*WHAT THIS TASK INVOLVES*: Among the entries below, the lines from the one with "In the example" up to and including the one with "宝丰县2020~2021学年第二学期期末七年级数学评估试卷(北师版)【6】" are to be restated exactly, without pictures.

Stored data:

____

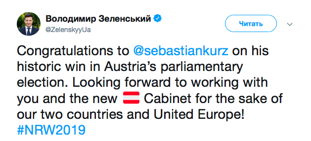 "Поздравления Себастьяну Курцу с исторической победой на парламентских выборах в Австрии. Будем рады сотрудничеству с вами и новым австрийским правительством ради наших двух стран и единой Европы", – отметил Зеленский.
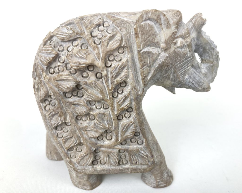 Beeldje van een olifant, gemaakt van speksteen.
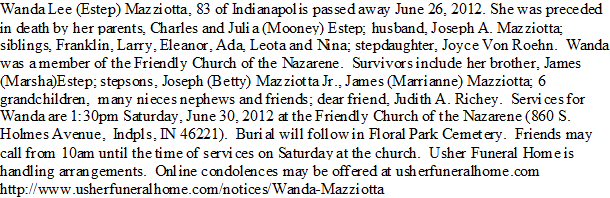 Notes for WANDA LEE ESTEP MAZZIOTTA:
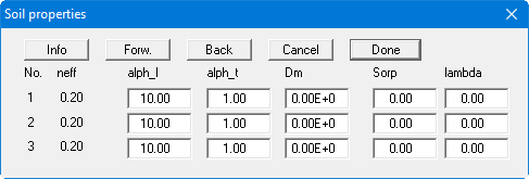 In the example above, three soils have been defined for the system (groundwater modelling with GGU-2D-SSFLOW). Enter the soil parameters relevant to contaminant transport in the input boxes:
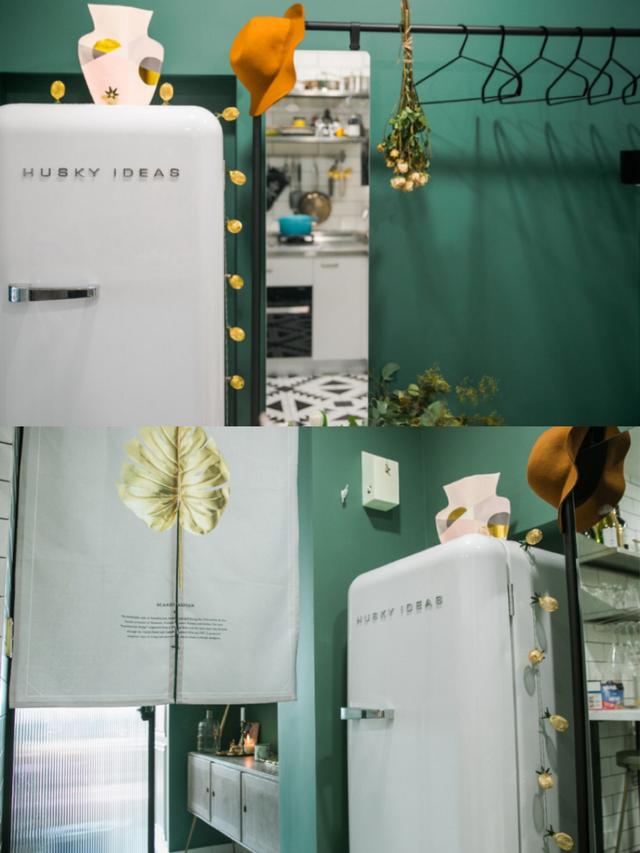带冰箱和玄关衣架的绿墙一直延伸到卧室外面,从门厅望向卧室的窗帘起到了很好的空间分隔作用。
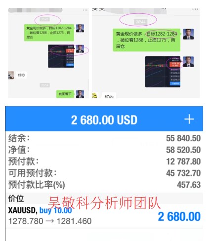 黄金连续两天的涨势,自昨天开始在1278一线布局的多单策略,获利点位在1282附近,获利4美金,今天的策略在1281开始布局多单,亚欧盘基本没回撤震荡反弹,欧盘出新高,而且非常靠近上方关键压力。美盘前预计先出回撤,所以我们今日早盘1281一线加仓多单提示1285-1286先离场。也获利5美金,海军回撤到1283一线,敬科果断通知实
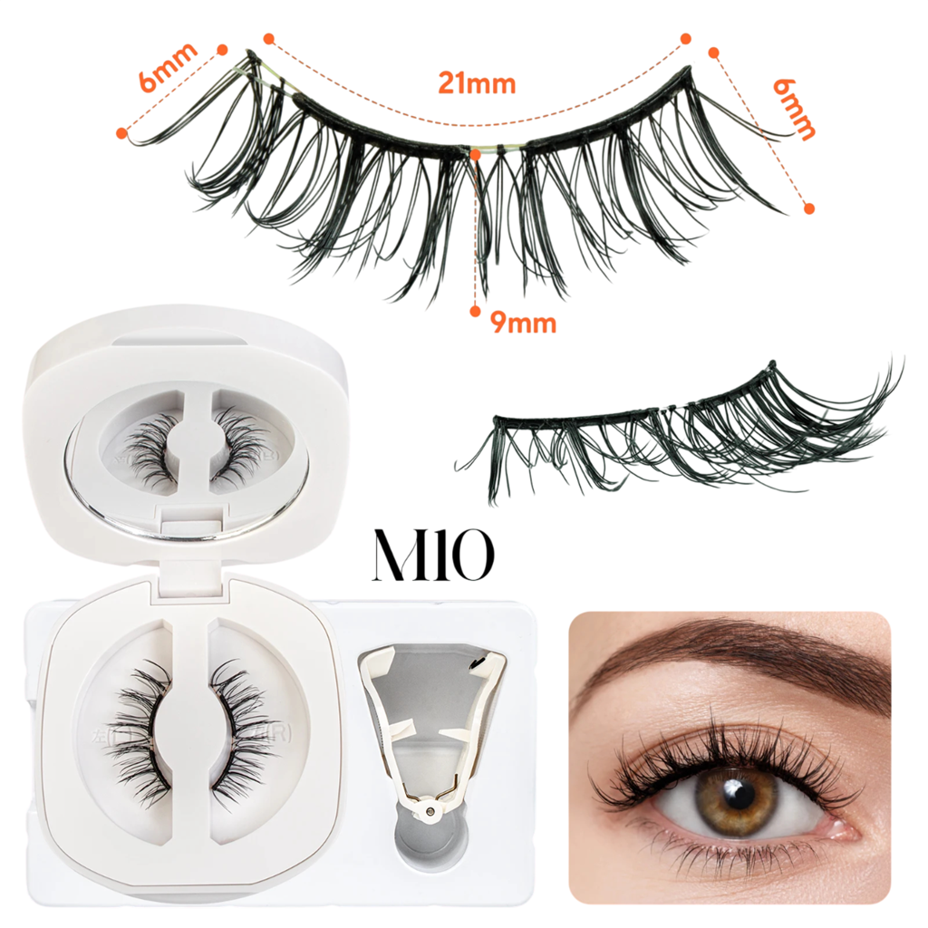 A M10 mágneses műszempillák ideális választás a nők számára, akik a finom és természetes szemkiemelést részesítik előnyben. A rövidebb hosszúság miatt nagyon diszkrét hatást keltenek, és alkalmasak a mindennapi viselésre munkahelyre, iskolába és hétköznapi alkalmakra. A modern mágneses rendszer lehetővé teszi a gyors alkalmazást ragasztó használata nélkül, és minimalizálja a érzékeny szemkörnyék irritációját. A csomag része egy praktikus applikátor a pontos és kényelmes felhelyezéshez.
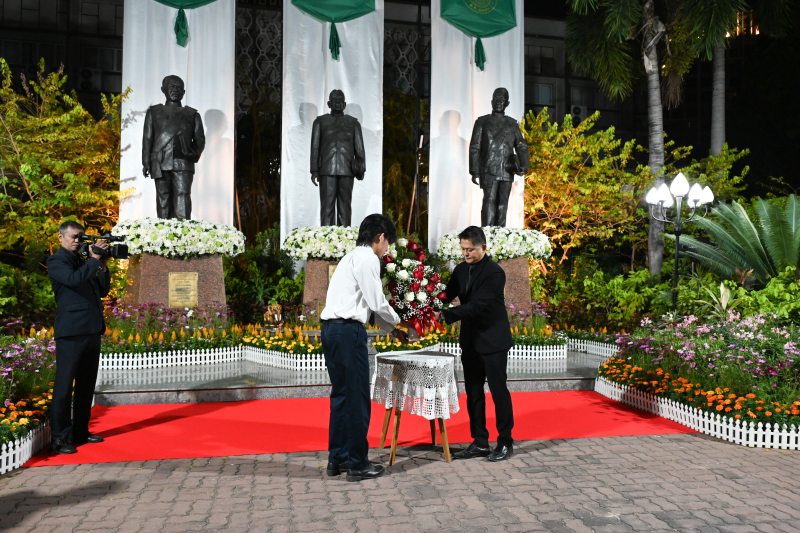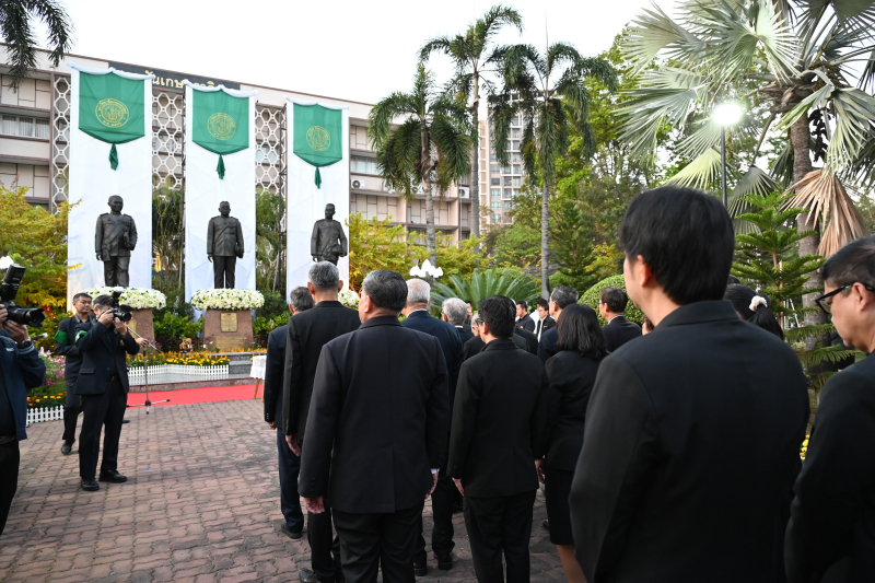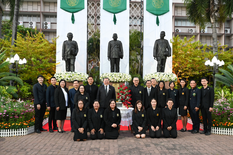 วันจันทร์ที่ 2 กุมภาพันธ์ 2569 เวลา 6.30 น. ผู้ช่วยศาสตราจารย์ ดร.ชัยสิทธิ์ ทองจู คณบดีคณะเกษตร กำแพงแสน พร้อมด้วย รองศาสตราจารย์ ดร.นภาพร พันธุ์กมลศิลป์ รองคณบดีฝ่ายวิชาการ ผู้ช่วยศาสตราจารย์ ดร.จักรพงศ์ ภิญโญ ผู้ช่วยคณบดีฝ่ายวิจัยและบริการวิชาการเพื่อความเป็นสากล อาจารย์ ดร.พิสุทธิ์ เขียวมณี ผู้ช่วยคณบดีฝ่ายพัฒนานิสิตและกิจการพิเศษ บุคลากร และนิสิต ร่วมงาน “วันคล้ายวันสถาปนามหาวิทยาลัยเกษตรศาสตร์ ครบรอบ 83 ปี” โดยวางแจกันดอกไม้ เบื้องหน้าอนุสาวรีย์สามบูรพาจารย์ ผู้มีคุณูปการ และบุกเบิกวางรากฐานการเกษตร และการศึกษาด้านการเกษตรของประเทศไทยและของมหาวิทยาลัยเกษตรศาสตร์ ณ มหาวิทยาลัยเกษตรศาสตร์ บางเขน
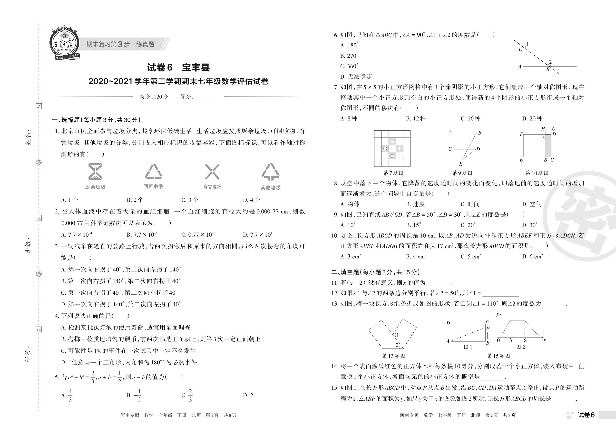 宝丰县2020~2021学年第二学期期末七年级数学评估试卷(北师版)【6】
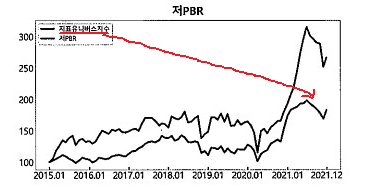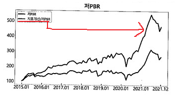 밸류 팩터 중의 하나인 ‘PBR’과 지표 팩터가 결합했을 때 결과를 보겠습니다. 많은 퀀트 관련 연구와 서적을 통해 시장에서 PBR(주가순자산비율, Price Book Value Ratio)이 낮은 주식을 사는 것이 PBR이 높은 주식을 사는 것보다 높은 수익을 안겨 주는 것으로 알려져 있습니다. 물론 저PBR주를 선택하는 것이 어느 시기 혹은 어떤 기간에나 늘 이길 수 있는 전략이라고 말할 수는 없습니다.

____

*OUTPUT FOR THIS TASK*:
 In the example above, three soils have been defined for the system (groundwater modelling with GGU-2D-SSFLOW). Enter the soil parameters relevant to contaminant transport in the input boxes:
带冰箱和玄关衣架的绿墙一直延伸到卧室外面,从门厅望向卧室的窗帘起到了很好的空间分隔作用。
 黄金连续两天的涨势,自昨天开始在1278一线布局的多单策略,获利点位在1282附近,获利4美金,今天的策略在1281开始布局多单,亚欧盘基本没回撤震荡反弹,欧盘出新高,而且非常靠近上方关键压力。美盘前预计先出回撤,所以我们今日早盘1281一线加仓多单提示1285-1286先离场。也获利5美金,海军回撤到1283一线,敬科果断通知实
 A M10 mágneses műszempillák ideális választás a nők számára, akik a finom és természetes szemkiemelést részesítik előnyben. A rövidebb hosszúság miatt nagyon diszkrét hatást keltenek, és alkalmasak a mindennapi viselésre munkahelyre, iskolába és hétköznapi alkalmakra. A modern mágneses rendszer lehetővé teszi a gyors alkalmazást ragasztó használata nélkül, és minimalizálja a érzékeny szemkörnyék irritációját. A csomag része egy praktikus applikátor a pontos és kényelmes felhelyezéshez.
 วันจันทร์ที่ 2 กุมภาพันธ์ 2569 เวลา 6.30 น. ผู้ช่วยศาสตราจารย์ ดร.ชัยสิทธิ์ ทองจู คณบดีคณะเกษตร กำแพงแสน พร้อมด้วย รองศาสตราจารย์ ดร.นภาพร พันธุ์กมลศิลป์ รองคณบดีฝ่ายวิชาการ ผู้ช่วยศาสตราจารย์ ดร.จักรพงศ์ ภิญโญ ผู้ช่วยคณบดีฝ่ายวิจัยและบริการวิชาการเพื่อความเป็นสากล อาจารย์ ดร.พิสุทธิ์ เขียวมณี ผู้ช่วยคณบดีฝ่ายพัฒนานิสิตและกิจการพิเศษ บุคลากร และนิสิต ร่วมงาน “วันคล้ายวันสถาปนามหาวิทยาลัยเกษตรศาสตร์ ครบรอบ 83 ปี” โดยวางแจกันดอกไม้ เบื้องหน้าอนุสาวรีย์สามบูรพาจารย์ ผู้มีคุณูปการ และบุกเบิกวางรากฐานการเกษตร และการศึกษาด้านการเกษตรของประเทศไทยและของมหาวิทยาลัยเกษตรศาสตร์ ณ มหาวิทยาลัยเกษตรศาสตร์ บางเขน
 宝丰县2020~2021学年第二学期期末七年级数学评估试卷(北师版)【6】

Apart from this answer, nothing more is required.